Reaching Into a Webpage

Ever want to point someone not just to the top of a web article, but to a particularly good quote – or even several? I’ve done a lot of thinking about that.

The InSite system I’ve been working on for Duke University was built for enabling interactive transcripts of audio and video interviews. Interactive transcripts allow you to navigate media and share excerpts at the sentence level. Click on an excerpt link like this one…

Because it seemed to me that if they have weapons of mass destruction then there has to be an order of battle for their use. I mean I knew this from our own system when I was involved. Who has authority, at what level, what kind of authority to initiate the use of weapons of mass destruction? And I was struck by the fact that they didn’t know.

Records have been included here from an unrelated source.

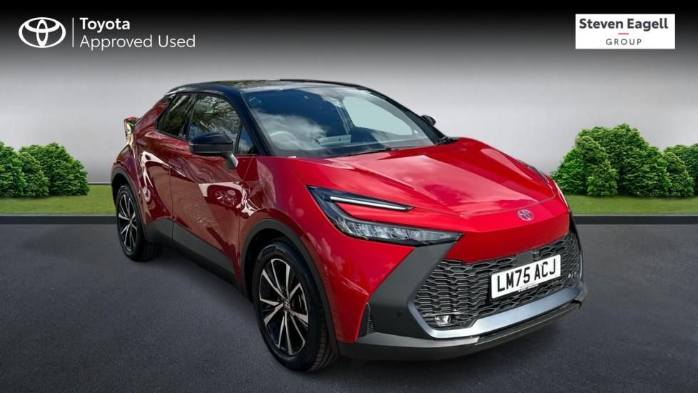 With only 100 miles on the clock, this 2025 Toyota C-HR VVT-h Design represents an exceptional find. This one owner vehicle boasts a 1.8L Petrol Hybrid engine, meeting Euro 6 emission standards. It comes equipped with Smart Entry and Push Button Start for effortless access and ignition, alongside Intelligent Front Parking Sensors with Clearance Sonar and Automatic Braking, complemented by four Rear Parking Sensors to assist with parking. Stay connected on the go with Bluetooth Connectivity, and benefit from enhanced safety with the Blind Spot Monitor. This Toyota C-HR is designed to offer a superior driving experience, highlighted by its low CO2 emissions and placement in a low insurance group, making it more economical to run than many comparable vehicles. These factors, combined with its advanced features and minimal mileage, position this C-HR as a stand out choice for those seeking efficiency, technology, and peace of mind.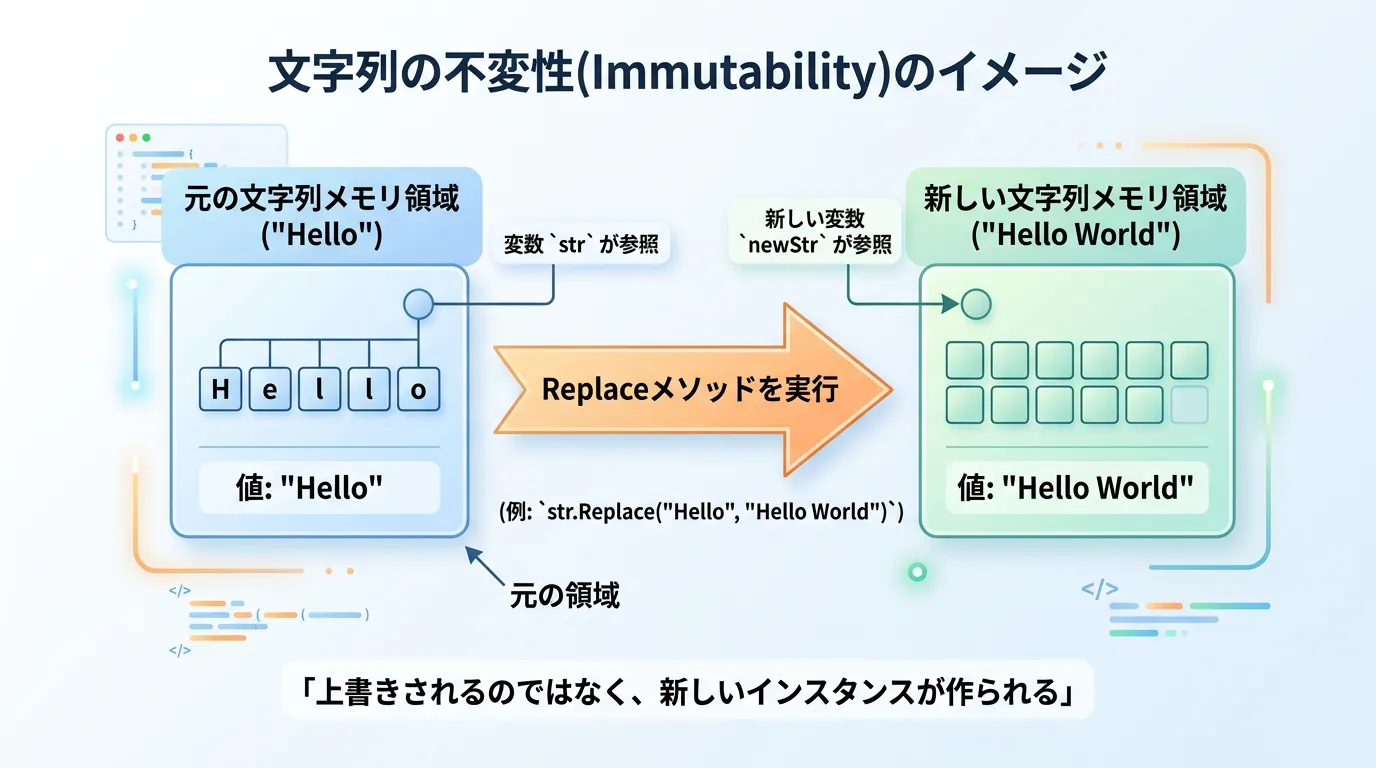 C#において文字列(string)を扱う際、まず理解しておくべき重要な概念が「イミュータブル(不変性)」です。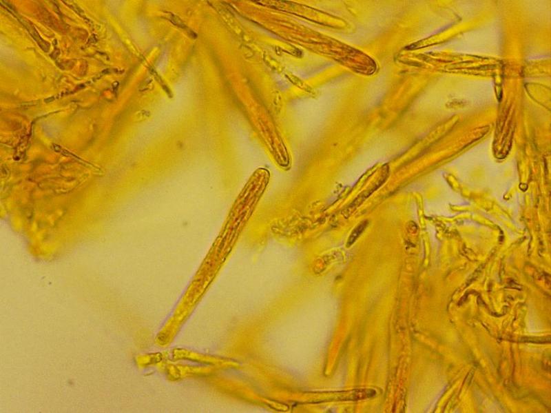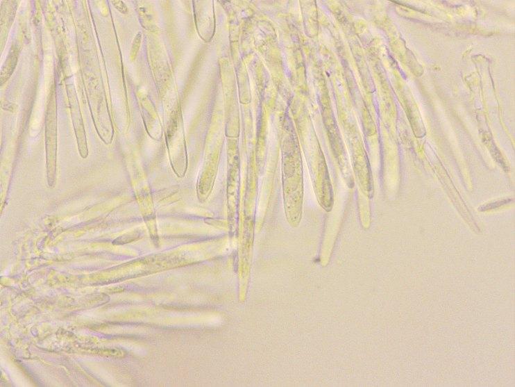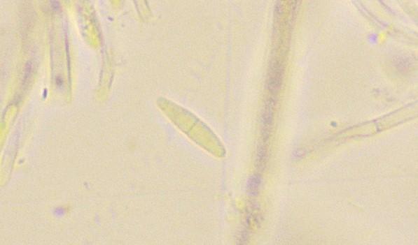 Paraphyses exceeding the asci, lanceolate. Spores fusoid, septated when mature, 9-13,2 x 2-2,5.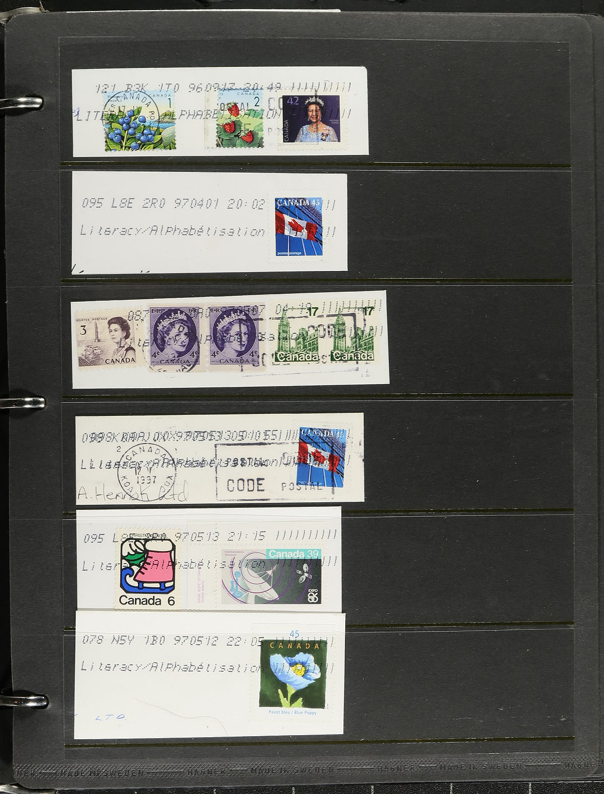 Accumulation of many hundreds of covers and cards, 1920's-2000's. A cursory check indicated representation from across the country noting a wide variety of items including a collection (set) of Maniwaki PQ black and white picture postcards, an album with over 50 covers with pictorial cancels from 2014, two binders with hundreds of spray-on cancels, along with hundreds of loose covers. We spotted a wide variety of town postmark types including cds, split ring, Klussendorf, POCON types and more, along with a variety of rates and frankings. A nice project for the Canada cover collector, a few faults with a few of the covers, overall fine to very fine. Estimate =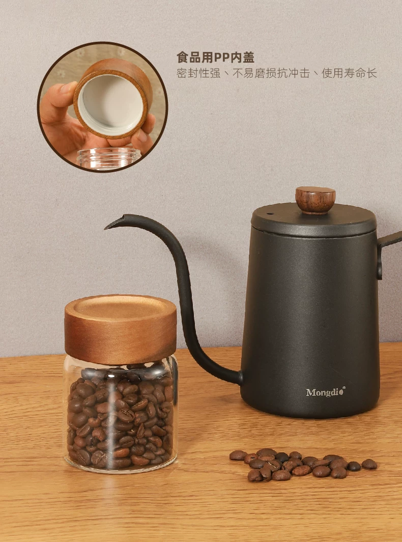 Hũ đựng cà phê bột Mongdio, hũ thủy tinh kín khí, hũ đựng hạt cà phê, hũ trà di động, chai nhỏ đựng đồ khô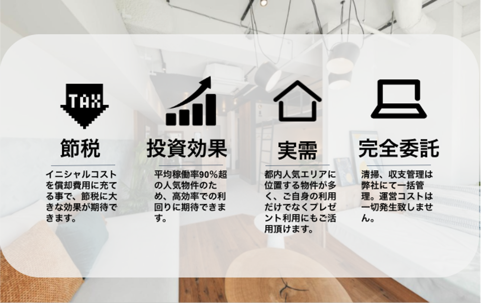 パートナー様にはイニシャルコストによる減価償却金額の計上による節税効果や宿泊料収入からのプロフィットシェア、またそれだけでなく、illi Staysを所有することで、ご自身、さらにはご家族でも宿泊利用することが実需として可能といった単なるキャッシュフローや収支を超えた付加価値を作り、これらを体験して頂けます。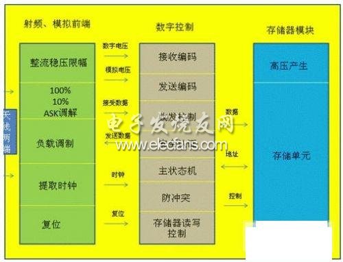 芯片按照功能和結(jié)構(gòu)特征劃分為射頻、模擬前端、數(shù)字控制,存儲(chǔ)單元三大模塊,系統(tǒng)結(jié)構(gòu)圖如下: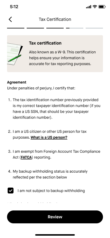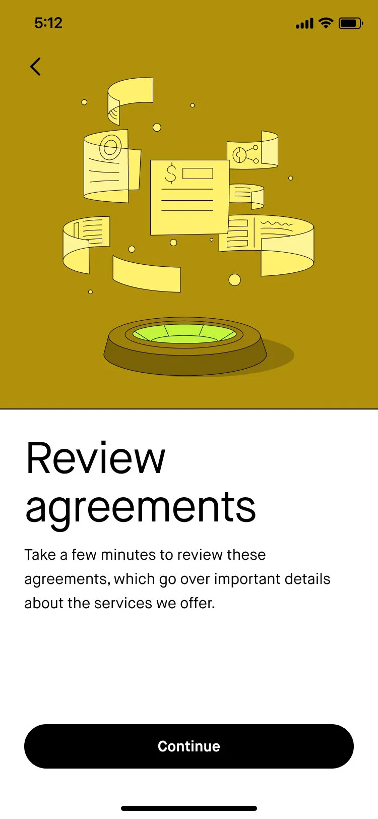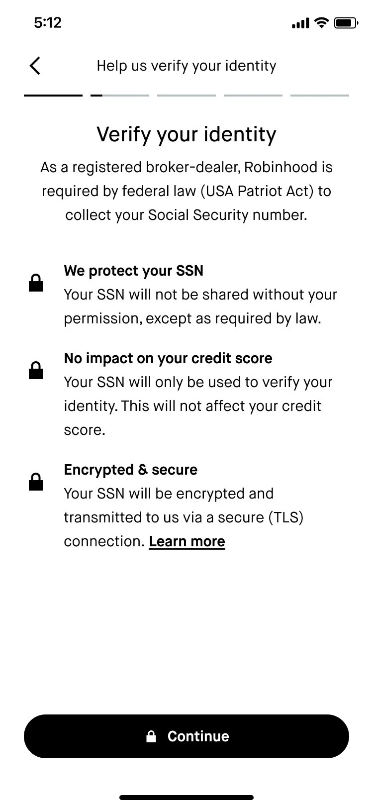 Implementation: Kept the header more generic (“Verify your identity” instead of “Provide your SSN”) to focus the screen on why we’re asking for SSN. The subheader is more specific about which federal law requires us to collect this information, so the customer can research it on their own if that helps them feel better. The three bullet points address common concerns we heard from customers around how their information would be protected and if providing it would impact their credit score. Even though providing SSN is a pretty standard part of opening a bank or brokerage account, we wanted to design for the customer who hadn’t done this before and would have questions.

… and you’re taken right to the sentence you want so you can see it in the full context of the interview, like this:


During the Putin Files project that I helped FRONTLINE with, we realized that it would also be useful to enable sharing and annotation abilities for interviews that weren’t connected to media. That project included 32 source interview transcripts connected to media. We also enabled an additional 24 source interview transcripts that weren’t connected to media so they could also include annotations and be shared at the sentence level.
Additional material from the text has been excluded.